Забот выпало на её долю, как и на долю других девчат, столько, что порой от усталости Таня ног под собой не чуяла. Иной раз даже домой после смены не шла, притулиться где-то в уголке укромном, и пускай хоть пушки над ухом палят!
А работа у дружинниц была тяжёлая. Убирать за лежачими ранеными, подавать им горшки, кормить тех, кто сам не в состоянии был держать ложку… Неблагодарная работа, «чёрненькая», что и говорить. Хотя… Спросить бы у тех, кому помогали девушки, неблагодарная ли?
По дому Таня скучала и бегала к маме с папой при первом удобном случае. Особенно когда один эшелон раненых бойцов уже успели разместить, а следующий был ещё только на подходе. А чуть свет, опять возвращалась в госпиталь.
В декабре сорок первого, когда фашистам дали прикурить под Москвой, в госпитале появились раненые пленные, немцы и румыны. Разместили их, конечно, отдельно от наших бойцов, а медперсонал был один на всех. И дружинницы – тоже…
Вот этого-то безотказная, самоотверженная труженица Таня стерпеть никак не могла. Как же это она, комсомолка, станет ухаживать за врагами? Да ни за что на свете! Вчера только от ранения в живот умер молоденький парнишка-сибиряк. Может, кто-то из этих румын или немцев убил его, а она за ними ухаживать должна?!

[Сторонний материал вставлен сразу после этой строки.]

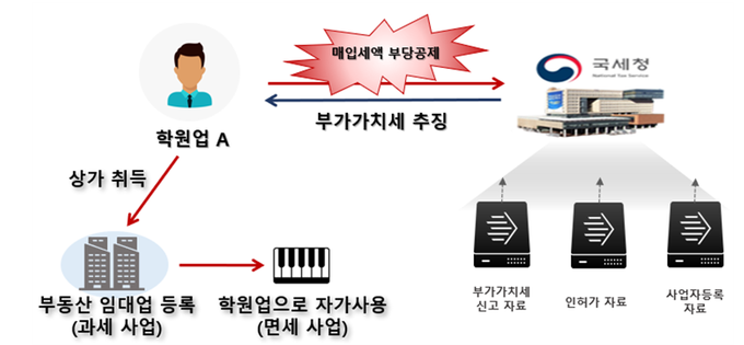 -학원업을 운영하는 A는 상가 건물 취득 후 과세사업인 비주거용 건물 임대업으로 사업자 등록 후 부가가치세를 환급 받았으며, 이후 동일 소재지에서 부동산 임대업과 면세사업인 학원업을 영위하는 등 불성실 혐의가 있어 분석대상자로 선정됐다.

Таня готова была сутками не отходить от наших раненых бойцов, всю кровь им отдать до капельки, если потребуется, а врагов стрелять надо, а не лечить! И никто не мог её переубедить, ни старшая медсестра, ни начальник отделения. И только вмешательство главврача, пожилого, мудрого человека, заставило Таню до некоторой степени пересмотреть своё отношение к пленным
Таня стала раздавать им еду. Однако при этом на них старалась не глядеть. Не потому, что боялась увидеть страшные раны или обмороженные лица – ей уже доводилось видеть и не такое. Просто они вызывали в душе молодой девушки острое отвращение, словно перед нею не люди, а какие-то склизкие, мерзко пахнущие существа…
Пленные же были по большей части молчаливы, на лицах некоторых из них, особенно немцев, было написано удивление, точно они до конца ещё не могли поверить в то, что они в плену у русских, а не на тёплых квартирах в поверженном Кремле, как обещал им фюрер.
…Таня с брезгливым выражением хорошенького личика, разливала в стаканы чай, глядя поверх голов сидевших за столом фашистов.
– Генуг! Генуг! – услышала она и грозно посмотрела на того, кто посмел произнести эти непонятные слова.
Немец с перебинтованной головой и голубыми глазами жестом показывал, что Таня перелила кипяток через край стакана. Таня отодвинула стаканы, достала из кармана халата тряпочку и смахнула лужицу со стола на пол.
Позже она узнала, что слово это – «генуг» – означает: хватит, довольно. И когда потом слышала его, мысленно отвечала ненавистным фашистам: нет, ещё не хватит, вы ещё узнаете, что такое «генуг»!
Главная роль
Сашка Куликовский был из тех, кого принято называть душой компании. Даже если в компании этой оказывался впервые и толком никого не знал. Но несколько острых словечек, сказанных во время, весёлая шутка, к месту рассказанный анекдот и вот уже взоры всех присутствующих устремлены на Сашку. А смешил он не только словами, но и богатой мимикой, жестами, иной раз красноречивой позой. Девушки обожали его и зачастую предпочитали писаным красавцам, случавшимся в той же компании.